Em abril passado, o governo de Gujarat distribuiu circulares esclarecendo que o budismo é uma religião separada do hinduísmo e que qualquer conversão do hinduísmo para o budismo exigiria a aprovação do magistrado distrital, de acordo com as disposições da Lei de Liberdade Religiosa de Gujarat de 2003.

Nessas circunstâncias, os ativistas dizem que a preservação do passado budista de Sana se torna mais crítica como foco da preservação da cultura e da história budista em geral.

Das, o sacerdote hindu no templo Momai Mata, acredita que a preservação de Sana deve ser para o benefício dos hindus. O governo e o departamento de arqueologia, ele disse, estão fazendo o melhor para “modernizar seu tesouro”.



“Todos sabem que os hindus precisam priorizar sua herança”, ele disse. “O que queremos é mais templos, guardas de segurança, limpeza e instalações modernas para transformar Sana em um destino turístico de classe mundial.”

Consultas ao Ministério de Assuntos Minoritários da Índia, bem como ao departamento de turismo de Gujarat, não obtiveram resposta.

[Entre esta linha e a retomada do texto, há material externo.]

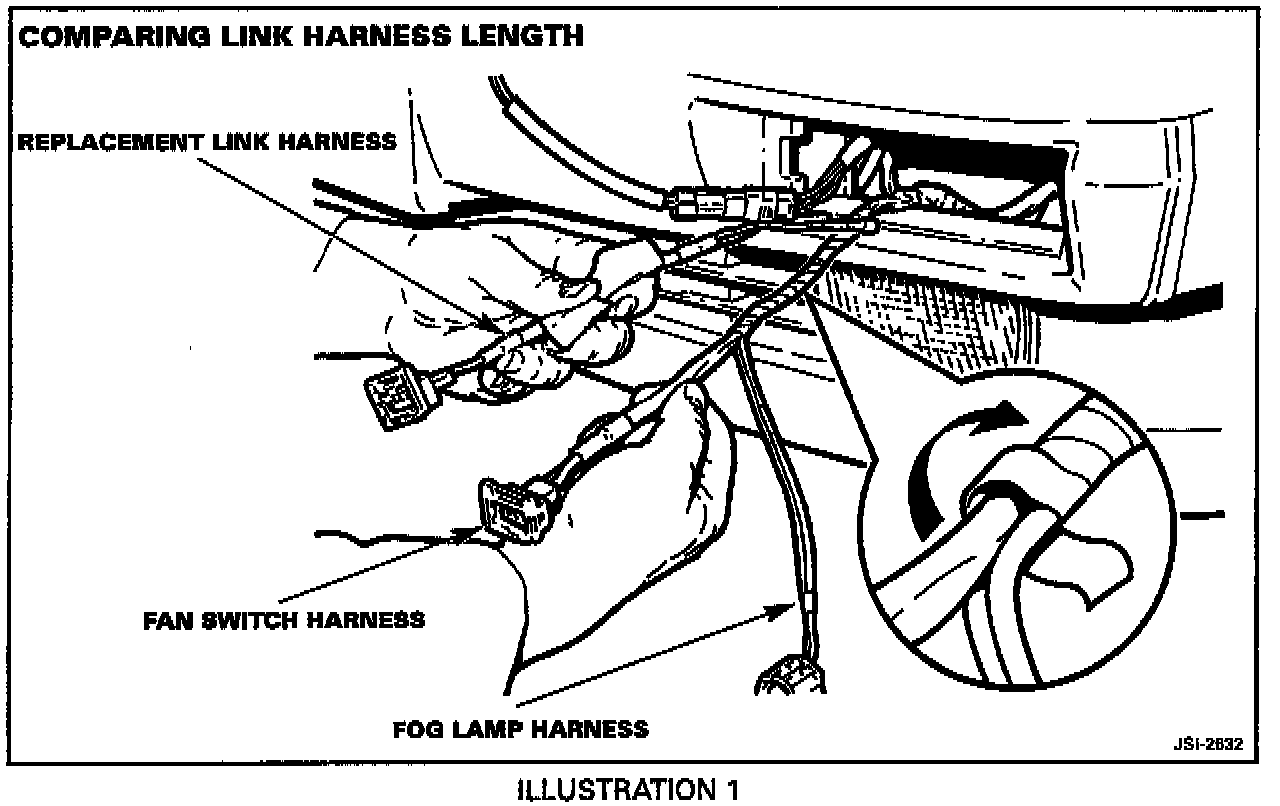 8. Carefully unwrap the harness tape (inset, Illustration 1) to expose the fan switch wiring and the fog lamp wiring.

Dinesh Makwana, uma autoridade local, disse que é hora de a comunidade budista internacional intervir para reaproximar as pessoas da ideia de que a Índia é a terra do Buda.

“A região da península de Gujarat foi varrida pelo budismo e as pessoas estão esquecendo disso”, disse Makwana. “A autenticidade da herança deve ser preservada, independentemente da religião ou casta.”